What is Neoadjuvant Therapy? 

Neoadjuvant therapy is treatment given before the main treatment, usually surgery, to shrink a tumour and improve the chances of a successful outcome. It can include chemotherapy, radiation, hormone therapy, or targeted treatments. This approach helps make tumours easier to remove, may allow less invasive surgery, and can also begin treating cancer that may have spread. Commonly used in breast, rectal, lung, and oesophageal cancers, neoadjuvant therapy also helps doctors assess how well the cancer responds to the treatment.

The main purpose of the Neoadjuvant therapy in India is: 

  • Reduce the tumour size before surgery or radiation.
  • Improve surgical outcomes, possibly allowing less invasive procedures.
  • Treat micrometastases (tiny cancer spreads not yet visible on scans).
  • Assess tumour response to therapy early on.

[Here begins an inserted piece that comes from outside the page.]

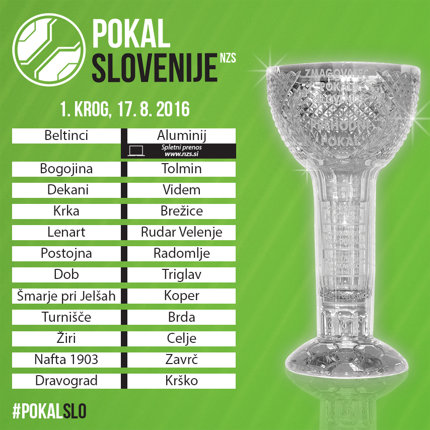 Tekme prvega kroga bodo sicer izpustili Damjan Vuklišević (Krško), Jaka Lipužič Bratuž (Tolmin) in Rok Burjek (Žiri). Z izjemo tekme v Lendavi, kjer se bosta Nafta in Zavrč v boj za napredovanje podala ob 18. uri, se bodo pokalni dvoboji pričeli ob 16:00, v spletnem prenosu na NZS.si si boste lahko ogledali srečanje Beltincev in Aluminija.

All Details About Application of Neoadjuvant Therapy in India 

It enables patients with locally advanced laryngeal cancer to have their vocal function preserved. Many patients with rectal cancer can avoid permanent colostomy after undergoing this approach. In addition, in certain cancers, neoadjuvant therapy may improve long-term survival. Recent years have seen an increase in the popularity of this treatment technique. The number of clinical trials on this topic published from 2000 to 2003 exceeded the number published during the entire previous decade.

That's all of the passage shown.